What the heck is a "vibe check"? It's just some ironic millenial slang that we've incorporated into our process. To conduct a "vibe check", we simply pack the kids in the car, drive around, run errands, and go out to dinner. The goal is to do something routine and time consuming, all while subconsciously gathering data in the background.

Our first stop was Target. We bought some new shirts for Miles, and then we let the boys each pick out a toy. Marissa, a Target conniseur, was forthright with her criticism. "A terrible Target," she said quietly. "Dense. Confusing. Bad vibes."

I went to high school in Arlington Heights. Returning almost fifteen years later, I didn't think this would be a problem. But driving around the town, we couldn't avoid passing by the school building. I felt on edge walking around, like I was going to bump into someone from my past. The field trip showed me that high school was still just a little too fresh to consider living in the same town.

We grabbed dinner with the boys in the downtown area. I used to wander around downtown Arlington Heights as a senior between classes, but I couldn't believe how busy it's gotten. We had to circle the block to find a parking space. We crossed train tracks and walked around the block to reach the restaurant. The first Mexican restaurant we picked bounced us at the door with a 90 minute wait for a table. We got pizza instead. Rodney and Miles liked the old school crayon friendly table cloth.

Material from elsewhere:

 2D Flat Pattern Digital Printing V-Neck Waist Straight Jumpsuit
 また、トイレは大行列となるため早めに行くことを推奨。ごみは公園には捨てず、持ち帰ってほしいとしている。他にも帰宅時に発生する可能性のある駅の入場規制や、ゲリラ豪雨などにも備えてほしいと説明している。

What were the results from the vibe check? Arlington Heights has gotten so dense since I was last here. It feels more city than suburb. I don't think we'd find the space we need. Paradoxically, it also doesn't feel new enough. I don't think I could live in a town where I'd be constantly haunted by the possibility of bumping into an old classmate or teacher.

More on open house week tomorrow. That's what I got today - have a great Tuesday everyone.